A colleague of mine who was looking at other crashes coming from this process found that most of those other crashes were also of the form “a data structure was corrupted because somebody wrote the single byte 01 into it.” That piece of information made everything fall into place for my side of the investigation.
We saw earlier that the bottom bit of the HMODULE is set for datafile module handles. Therefore, if one of these stray 01 bytes happens to overwrite the bottom byte of an existing HMODULE handle, that turns it into a (fake) datafile module handle. And then, during process destruction, a component dutifully cleans up the DLLs they loaded by freeing them (say because they were stored in an RAII type like wil::), the code will pass this (fake) datafile module handle to FreeÂLibrary. The FreeÂLibrary function sees the bottom bit set and says, “Oh, this must be the handle to a module that was loaded via LOAD_,” so it frees it as a datafile.
Freeing a datafile module means undoing the steps that were taken when the module was loaded as a datafile: Unmapping the DLL from memory. In particular, loading a module as a datafile does not add the DLL to the list of DLLs that were loaded as code; therefore, unloading a datafile module doesn’t remove it from that list. As far as the DLL list is concerned, the DLL is still in memory.
A one-bit error caused the code to lie and attempt to free a module handle that did not correspond to a LoadÂLibrary call, resulting in mass havoc.

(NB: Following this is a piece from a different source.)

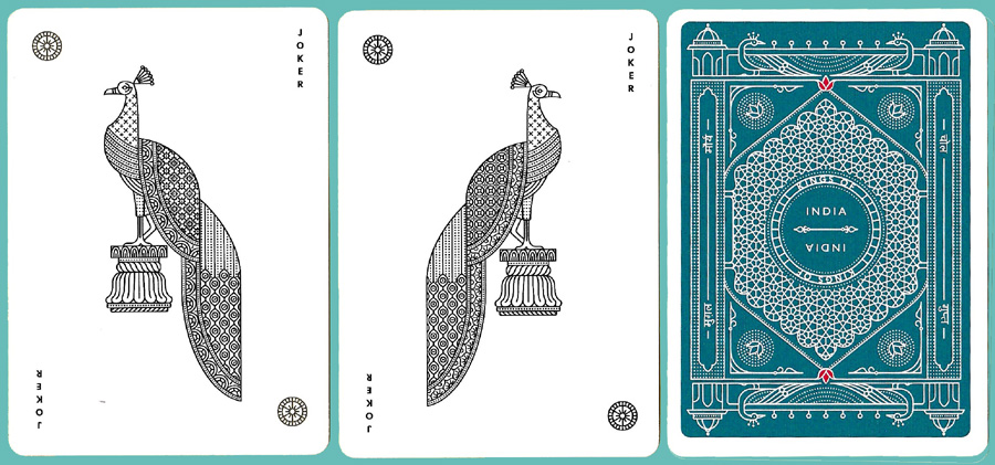 This pack was designed by Humble Raja, a Montreal-based design studio established by Bhavesh and Reena Mistry to investigate, celebrate and share their South Asian identity through illustration. It was funded through Kickstarter and printed by the United States Playing Card Company in 2015. See the box►

The “DLL unmapped from memory” crash is just an alternate manifestation of the “somebody is writing 01 bytes to places they shouldn’t” bug. The original bug had a larger bucket spray than we initially thought.
The good news is that all of the crashes have funneled down to a single bug. The bad news is that you now have to debug this one memory corruption bug.
Unfortunately, at the time of this writing, the root memory corruption bug in the third party program has yet to be identified. We don’t know whether it’s coming from an operating system component or from the program itself. Though the fact that it appears to occur only in one process, where it sprays across multiple modules, suggests that it’s a problem with that program, or that there’s something peculiar about how this specific process uses the system.
If you look at the original stack trace, you can see that the problem is occurring at process termination. That’s probably why the problem has lurked for so long: Crashes at exit often go unnoticed because there is no end-user loss of functionality. The user was finished with the program anyway. Whether it exits cleanly or with a crash doesn’t affect the user much.
Sorry. Not all stories have a happy ending.
May you please ask to fix the memory leak in winrt allocation not being released used in ms phone app,
Looks like a best candidate for reproduction under Time Travel Debugger. If the problem is still reproducible (which is not granted, as the process will run much slower and some race conditions may disappear), it will be very easy to find the instruction that writes that byte.
So the root cause sounds like a major cyber security problem that is easily exploitable. The fix is to verify that the handle doesn’t point to code. That check belongs in the OS.
Forget about “how it happened” and fix the root cause!
I’m not seeing how this bug crosses a security boundary.
@Ken Settle On the next episode of the airtight hatchway…
I was chasing something (I forget what) and set up a SchTsk to trigger on Eventlog
Application – Application Error
Application – Application Hang
with action
msg.exe * /time:864000 Application Hang or Crash, see EvtLog.
Later found one of my own .NET Framework applications tripped on something on the way out, but no one had noticed.